Vidal César Monzanares

Religion classes at St. John's College. Anthony was led by a priest who fought during the Spanish Civil War of 1936 and who once shook hands with Mussolini. In addition to these two characteristics, which are equally common to thousands of his contemporaries, Father Santos made efforts, I think in vain, to make religious lessons more enjoyable than usual. It was largely due to him that the texts of the college's religious books underwent profound changes in order to make the lessons more lively and immediate, but to no avail. Our religion classes were as hard as any other monk-run college of the day.

"Witnesses" of what?

On the one hand, religion consisted exclusively in piety, addressed mainly to Mary, which was strictly monitored by the ministers of the college in order to control the piety of the children. This caused a kind of unconscious insincerity, namely, a tendency to feign religious feelings, which might have helped to advance to the next grade, if only because of deep religiosity, if not because of academic success. On the other hand, the way the monks acted was questionable. Nothing bad could be said about them, and the quality of their teaching was remarkable, but they certainly did not represent the models of holiness by which we were supposed to live. Their legalism usually evoked more indifference than fervent enthusiasm for religious subjects.

Father Santos was a perfect example of all this. With unfailing persistence he tried to attract our attention, and with the same invariability he failed. The story of him, however, forms part of our history, for it was from him that I first heard about Jehovah's Witnesses.

I apologize if I cannot accurately reproduce the circumstances of this first meeting. It seems to me that this happened at the beginning of a lesson (I must have been fourteen at the time), when he announced several "interesting topics" that he was going to talk about during the lesson (those that, we note in parentheses, did not interest us in the least), and mentioned "Jehovah's Witnesses" among other things.

In view of the prevailing situation in Spain at the time, it occurred to me at first that it was more a question of a political grouping than of anything else. The innocent ignorance of a fourteen-year-old boy! As I left the classroom, I remember asking the priest about them, and he promised me to talk about them in more detail in one of the next lessons, a few weeks later. With ease, he set forth the general features of the theological teaching of Jehovah's Witnesses, and extracted his material from some very inaccurate parish list. The teaching seemed utterly insane, but I memorized a few of its most shocking features to present to any "Jehovah's Witness" who might arise in my life.

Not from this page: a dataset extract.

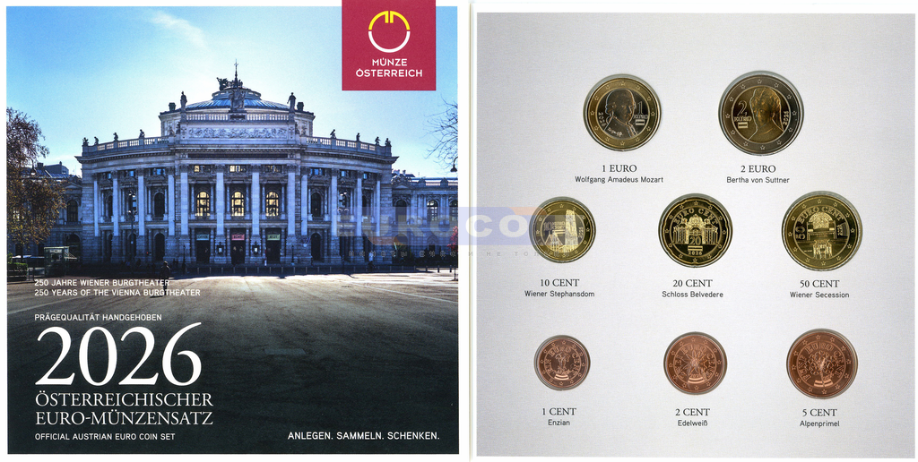 Австрия, официальный годовой набор евро 2026 BU (8 монет)

This turned out to be a gross mistake. Father Santos inadvertently took a position that later earned Jehovah's Witnesses thousands of followers in Spain. First of all, he propagandized them. I am convinced that many Spaniards would not have known of their existence if they had not heard the bad things about them from their parish priests. This mistake can no longer be corrected. For better or worse, today this propaganda has already been carried out, and it has acquired a certain sympathy of anti-clerical elements, if only for the reason that the Catholic Church speaks ill of Jehovah's Witnesses.

Second, Father Santos presented them inaccurately, tendentiously, and without the basis of biblical teaching. Jehovah's Witnesses can destroy such notions in a matter of minutes, and convince their listeners that they have been unjustly slandered by the enemies of the true God.

Finally, Father Santos downplayed their importance by not giving us the slightest opportunity to talk to them on the basis of the Bible. Jehovah's Witnesses, like any other sect, are dangerous enough not to be neglected. If someone does not know the word of God, they can confuse him from the very first meeting. Father Santos did not give us such knowledge, and in doing so, he indirectly sent us to battle with an enemy whom we considered the weakest, while we were completely unarmed before him.

Soon I was to find out how much this mistake would cost me.